DATASET EXCERPT:
______

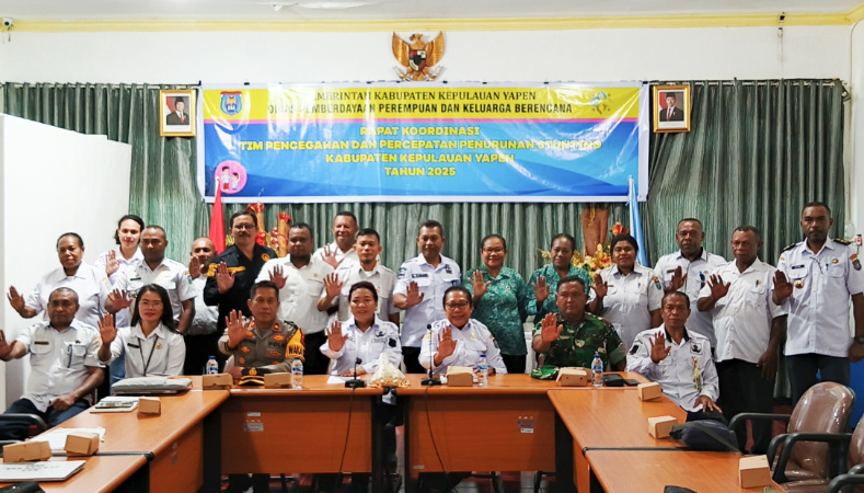 Foto bersama usai Rakor Pertama Evaluasi Aksi dan Persiapan Konvergensi 1-8 Tahun dalam rangka Percepatan Penurunan Stunting Tahun 2025. (Foto dok: Humas Pemkab Kepulauan Yapen)
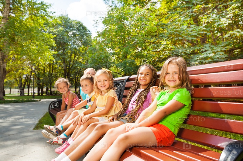 Мальчики и девочки на скамейке в парке
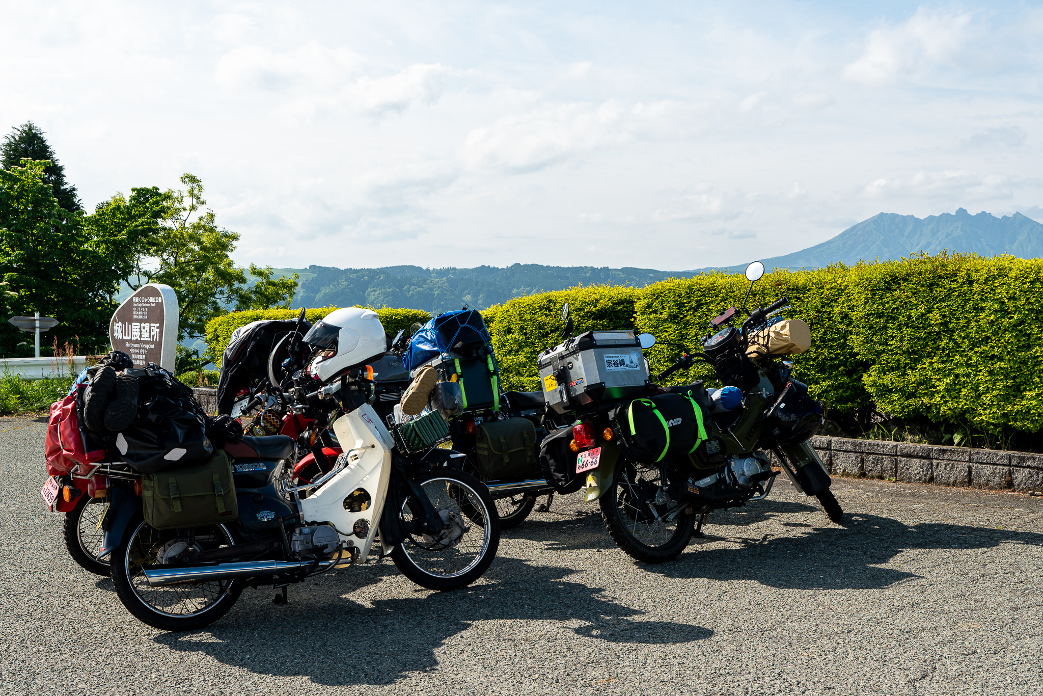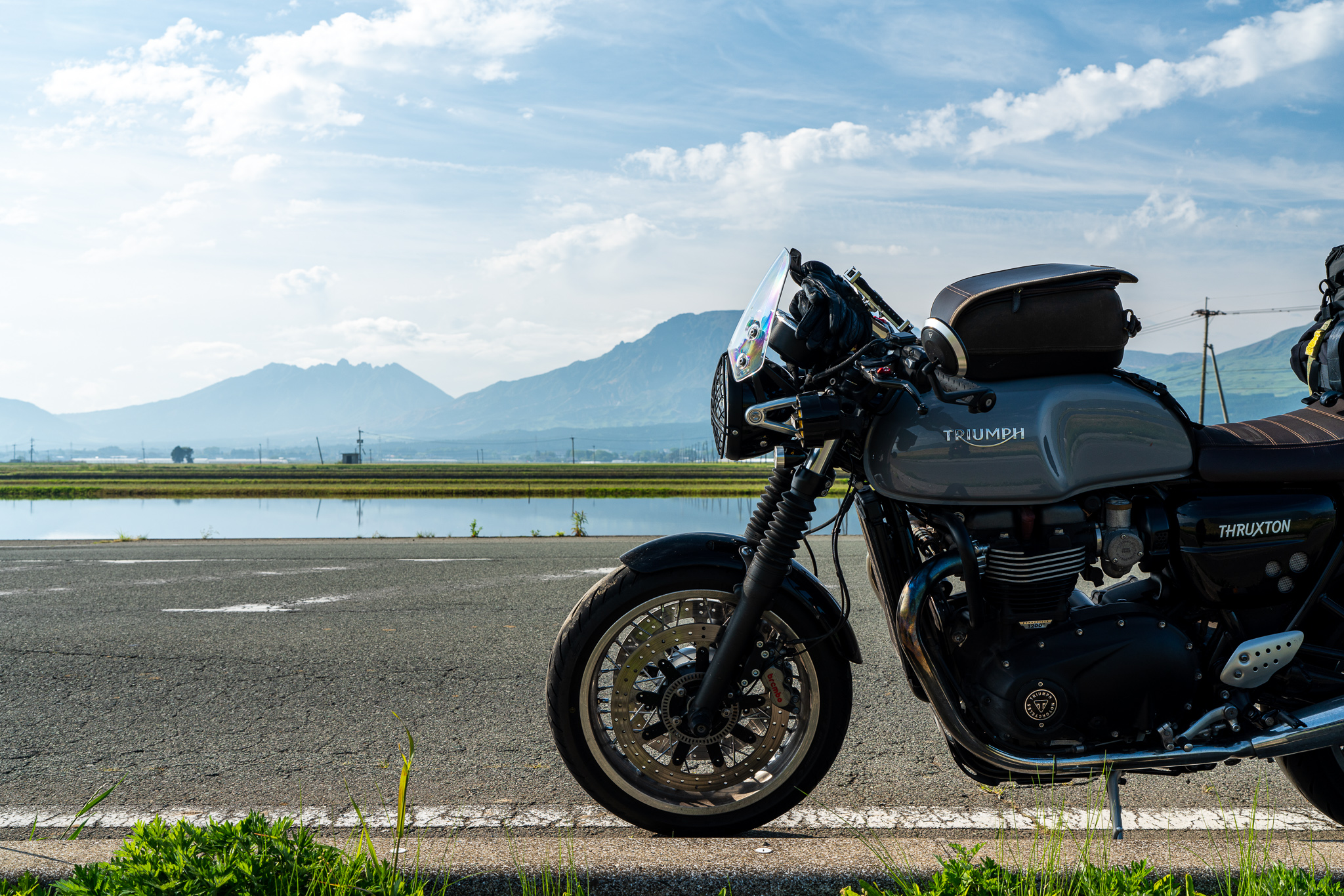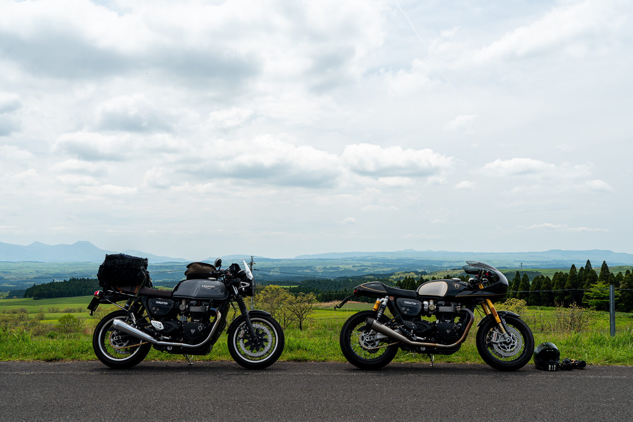 とりあえず挨拶代わりに一緒に走り出す。スラクストンと一緒に走るのは結構久しぶりでこの同じエンジン音とリズムが心地いい。また本当にいい天気で最高のコンディションの阿蘇を100%体で感じながら走るのは最高に気持ちいい。なんて素敵なんだ。

______

PROMPT: Please print everything in the material exactly, apart from the pictures.

EXERCISE RESULT:
 Foto bersama usai Rakor Pertama Evaluasi Aksi dan Persiapan Konvergensi 1-8 Tahun dalam rangka Percepatan Penurunan Stunting Tahun 2025. (Foto dok: Humas Pemkab Kepulauan Yapen)
 Мальчики и девочки на скамейке в парке
 とりあえず挨拶代わりに一緒に走り出す。スラクストンと一緒に走るのは結構久しぶりでこの同じエンジン音とリズムが心地いい。また本当にいい天気で最高のコンディションの阿蘇を100%体で感じながら走るのは最高に気持ちいい。なんて素敵なんだ。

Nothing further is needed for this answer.